VLSP 2025 challenge: Numerical Reasoning Question and Answer
Main Article Content
Abstract
The VLSP 2025 Shared Task on Numerical Reasoning Question Answering (NumQA)
is the first initiative to address numerical reasoning in Vietnamese financial texts. To support this
effort, we constructed ViNumQA, a large-scale benchmark dataset comprising over 4,000 manually validated question-program-answer triples.
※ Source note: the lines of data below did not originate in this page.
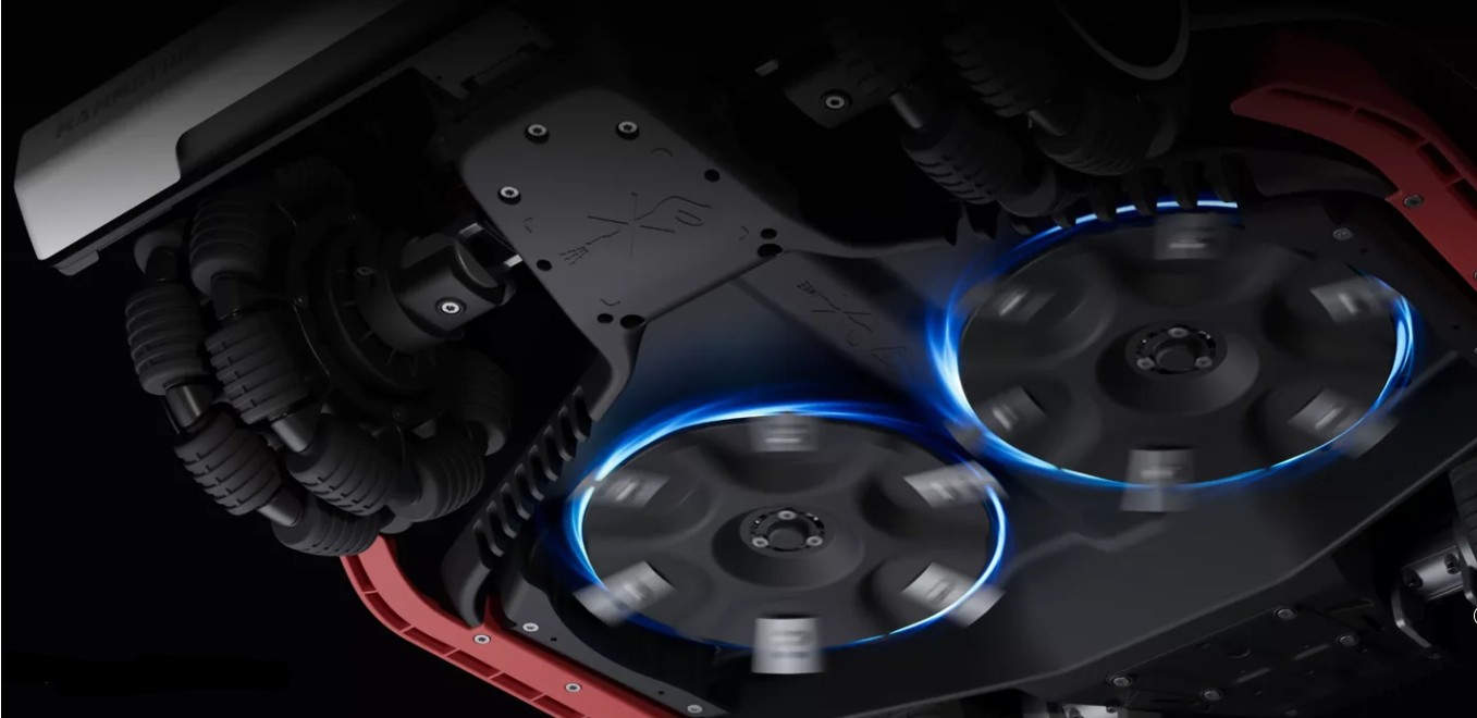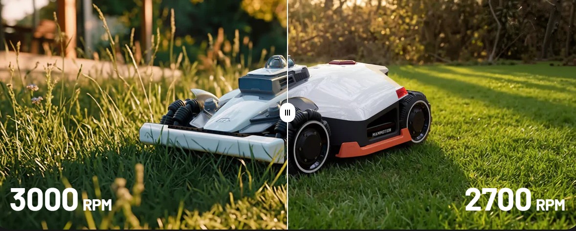 Deux moteurs haute puissance de 165 W à 6 lames travaillent avec la vision IA du robot tondeuse intelligent LUBA 3 AWD pour ajuster automatiquement vitesse et puissance selon la densité de l’herbe, optimisant ainsi la coupe et l’efficacité énergétique.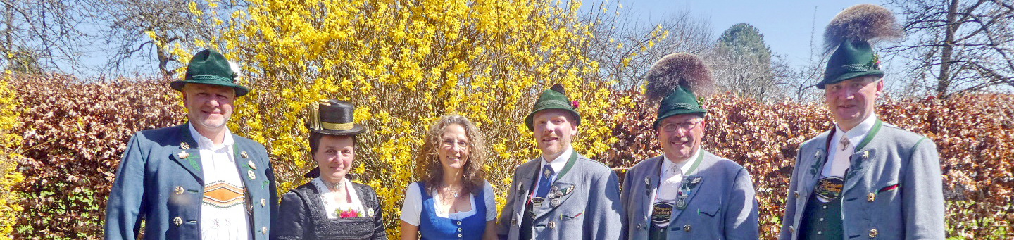 Foto/s: Hötzelsperger – Gemeinsam starten sie in den Trachtensommer 2018 von links: 2. Vorstand Andreas Schmid und 1. Vorständin Liesi Hilger aus Rottau, Geschäftsführerin Christina Pfaffinger vom Tourismusverband Chiemsee-Alpenland, Sepp Brem, Festleiter beim Trachtenverein Lauterbach, Vorstand Ludwig Redl und Festleiter Klaus Gschwendtner vom Trachtenverein Prutting.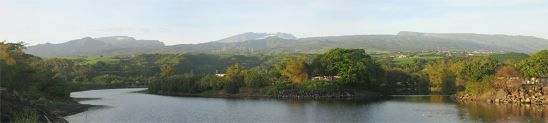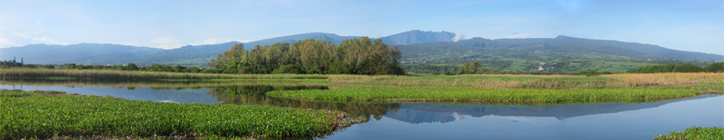A gauche : Le Massif de la FournaiseAu centre : L'étang et le Gros Morne à l'horizon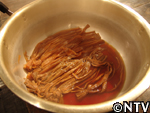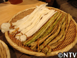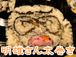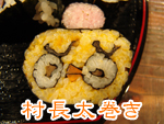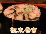 かんぴょう、芋がらは(のりの長さにあわせて切り、藁でしばっておいたもの) しょうゆ、酒、砂糖、塩、水2Lで20分ほど煮詰め、ニンジン(縦長に切ったもの)は砂糖、塩で5〜10分茹でる。高菜は塩づけにしたものを海苔の長さに合わせておく。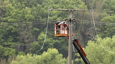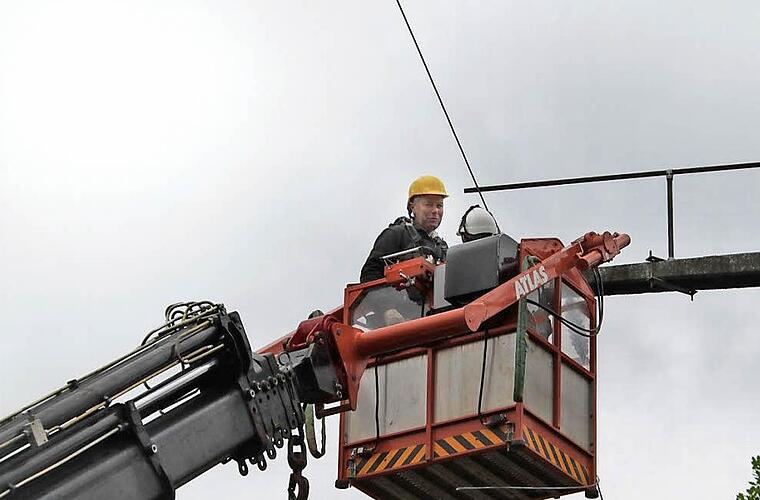 Reparaturen am Freitag Am Freitagvormittag waren die Reparaturarbeiten bereits in vollem Gange. Von 6 Uhr bis ungefähr 13 Uhr waren fünf Freileitungsmonteure aus Bamberg mit den Leitungen beschäftigt, berichten Zeugen vor Ort. Dabei waren die Bayernwerk-Mitarbeiter mit zwei Kränen mit Hebebühne im Einsatz. Einer stand auf dem Campingplatz am See und ein zweiter rund 220 Meter entfernt Richtung Unterbrunn auf der anderen Mainseite. Die Monteure zogen neue Leitungen ein und schlossen diese wieder ans Netz an. Während der Arbeiten sei Unterbrunn zeitweise mit einem Aggregat versorgt worden.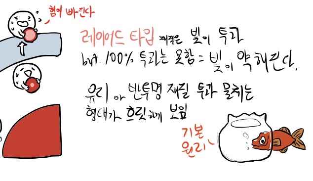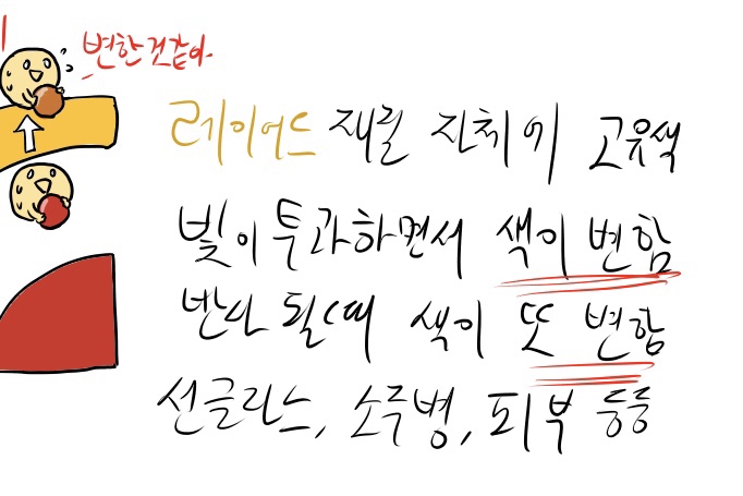 빛이 사물을 투과한 뒤 반사되어 나올 때의 색 변화에 대해 그렸습니다.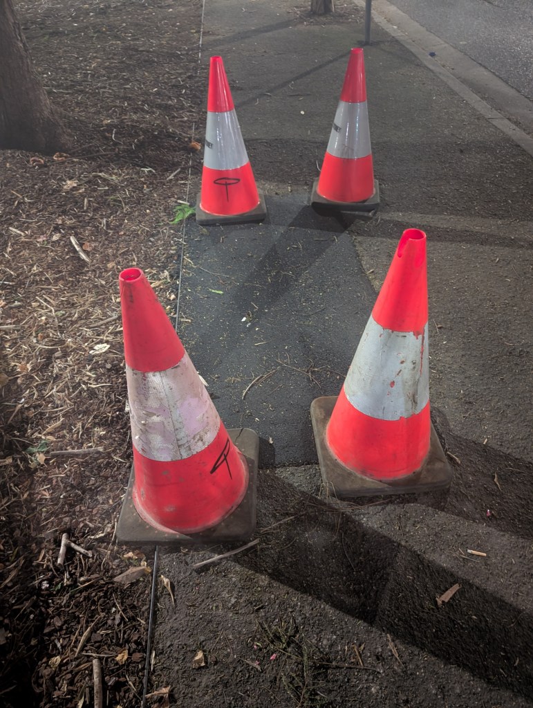 Witches hats forming geometric patterns.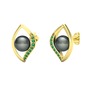 Siyah inci ve yeşil kuvars 14 ayar altın küpe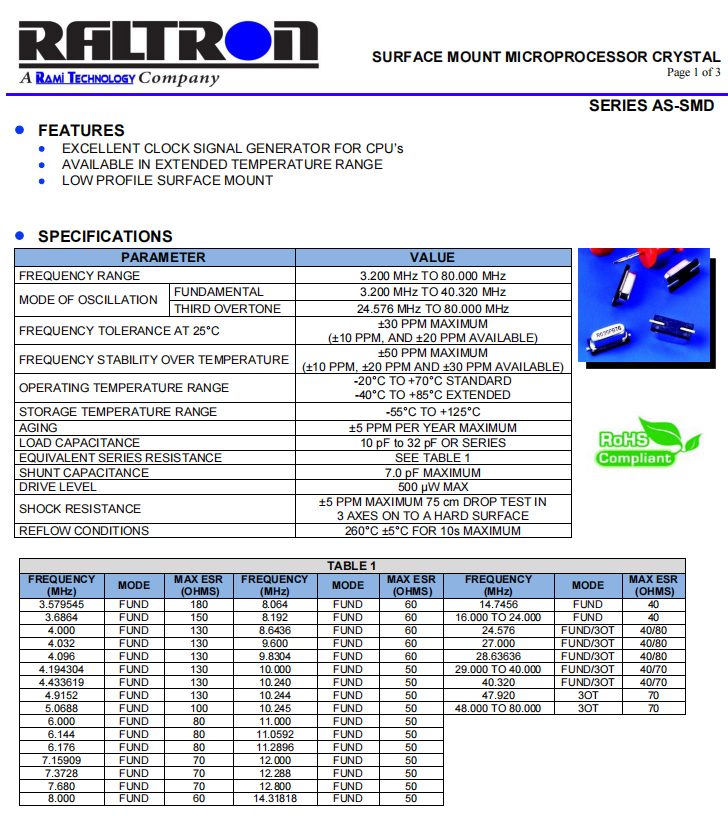 AS-18.432-18-SMD-TR | AS-SMD | 18.432MHz | 13.50 x 4.80mm | ± 30 ppm | ± 50 ppm | 18 pF |

The dataset integrates two complementary sources:
a human-verified Vietnamese translation of FinQA and newly constructed QA pairs derived from
domestic corporate financial reports. Each instance requires systems to generate a transparent mathematical reasoning program and produce a final numerical answer, enabling explicit evaluation of
both reasoning correctness and result accuracy. We established robust baselines using the LLaMA
model family and compared them against state-of-the-art proprietary LLMs (GPT-4o, GPT-5 mini).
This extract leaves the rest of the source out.